Comment 3 Tomas Jelinek 2018-08-20 13:16:19 UTC
(In reply to Klaus Wenninger from comment #2)
> xml-schema used for status between crm_mon and pcs already has
> running_resources-counter pcs might use to signal that a node
> is in standby but still with active resources.

How exactly does that help to display nodes as "standby with active resources" in crm_mon output? Pcs is not going to modify crm_mon output. And as far as I can tell, the issue is that standby nodes with running resources are not displayed as such in "pcs status" i.e. "crm_mon". Do I miss something?

Can you elaborate on why this was cloned for pcs and what are we supposed to do in pcs? Thanks.
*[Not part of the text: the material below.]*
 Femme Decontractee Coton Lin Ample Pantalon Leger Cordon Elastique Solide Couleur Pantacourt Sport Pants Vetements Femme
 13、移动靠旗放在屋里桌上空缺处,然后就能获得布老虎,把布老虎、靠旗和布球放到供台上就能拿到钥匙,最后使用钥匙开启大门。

Comment 4 Klaus Wenninger 2018-08-20 13:28:48 UTC
pcs wouldn't have to modify anything it gets from crm_mon.
while in the modes where it creates output for textual/html display crm_mon creates a single string for the node-mode in xml-output-mode it creates a list of flags for each node. pcs then uses these flags to create the output.
When it creates the mode-string itself crm_mon is being modified to distinguish the cases properly but when it just passes the flags there is actually nothing
to be changed. It already has the flag for 'standby' and it has the running-resource-counter.
I haven't had a look at the code that creates output for pcs but as the flags indicating the mode are already non-mutual-exclusive there already has to be some logic that would have to be extended in a similar way as in the crm_mon code for textual/html output.
Please correct me if I'm mixing up things.

Comment 5 Tomas Jelinek 2018-08-20 13:58:53 UTC
'pcs status' displays textual output of crm_mon. So for CLI we should already be covered by changes in pacemaker. Maybe this was meant for GUI?
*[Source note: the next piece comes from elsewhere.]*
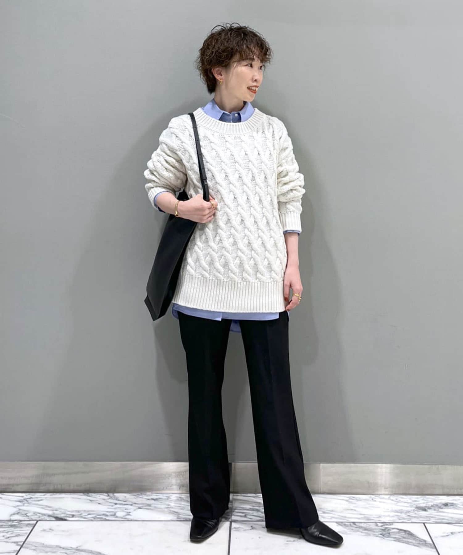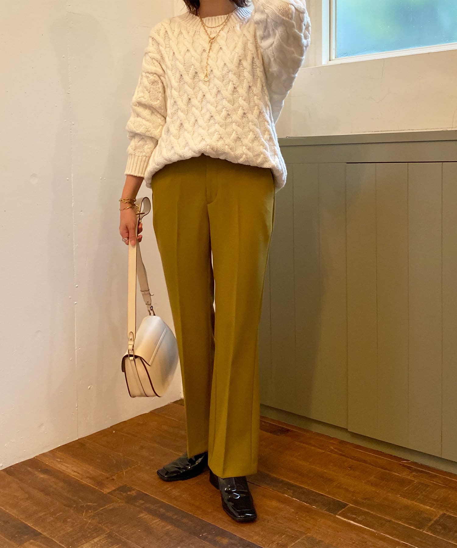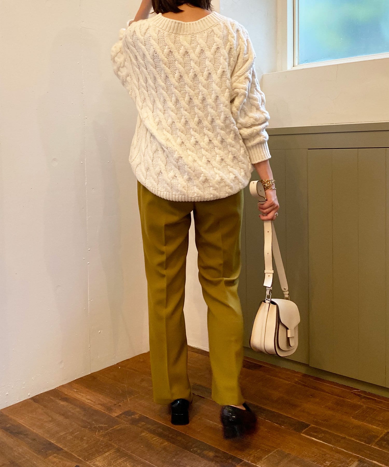 カジュアルスタイルには今季らしいざっくりとしたシルエットのニットを合わせ、カラーをアクセントにして頂くとよりトレンドライクな着こなしを楽しめます。

Comment 6 Klaus Wenninger 2018-08-20 14:34:19 UTC
If there are cases where pcs doesn't derive output from xml we should probably re-add the dependency.
If there are other cases where the xml-data is being used for creating the node-mode we should be consistent there as well.

Comment 7 Klaus Wenninger 2018-08-24 12:14:15 UTC
If it is assured that the mode of a node is exclusively taken from from crm_mon's textual display (never ever generated from xml-data) I guess this bz can be closed for pcs as the fix in crm_mon would already cover a correction in pcs output.
Just wanted to assure that there are no surprises ;-)

Comment 8 Tomas Jelinek 2019-02-07 16:50:55 UTC
* 'pcs status' displays output from crm_mon, so we are covered by pacemaker fix for bz1419548
* 'pcs status nodes' displays output based on xml status, so we should fix that in pcs. We'll probably add a new category "Standby with active resources" and put nodes in there based on  standby = true and resources_running > 0

Comment 11 Ivan Devat 2019-08-05 11:14:18 UTC
After Fix:

[kid76 ~] $ rpm -q pcs
pcs-0.9.168-1.el7.x86_64

[kid76 ~] $ pcs resource create D1 ocf:heartbeat:Delay stopdelay=120
[kid76 ~] $ pcs resource
 D1     (ocf::heartbeat:Delay): Started kid76 (Monitoring)
[kid76 ~] $ pcs node standby kid76
[kid76 ~] $ pcs status nodes
Pacemaker Nodes:
 Online: lion76
 Standby:
 Standby with resource(s) running: kid76
 Maintenance:
 Offline:
Pacemaker Remote Nodes:
 Online:
 Standby:
 Standby with resource(s) running:
 Maintenance:
 Offline:

Comment 15 errata-xmlrpc 2020-03-31 19:09:37 UTC
Since the problem described in this bug report should be
resolved in a recent advisory, it has been closed with a
resolution of ERRATA.

For information on the advisory, and where to find the updated
files, follow the link below.

If the solution does not work for you, open a new bug report.

https://access.redhat.com/errata/RHBA-2020:0996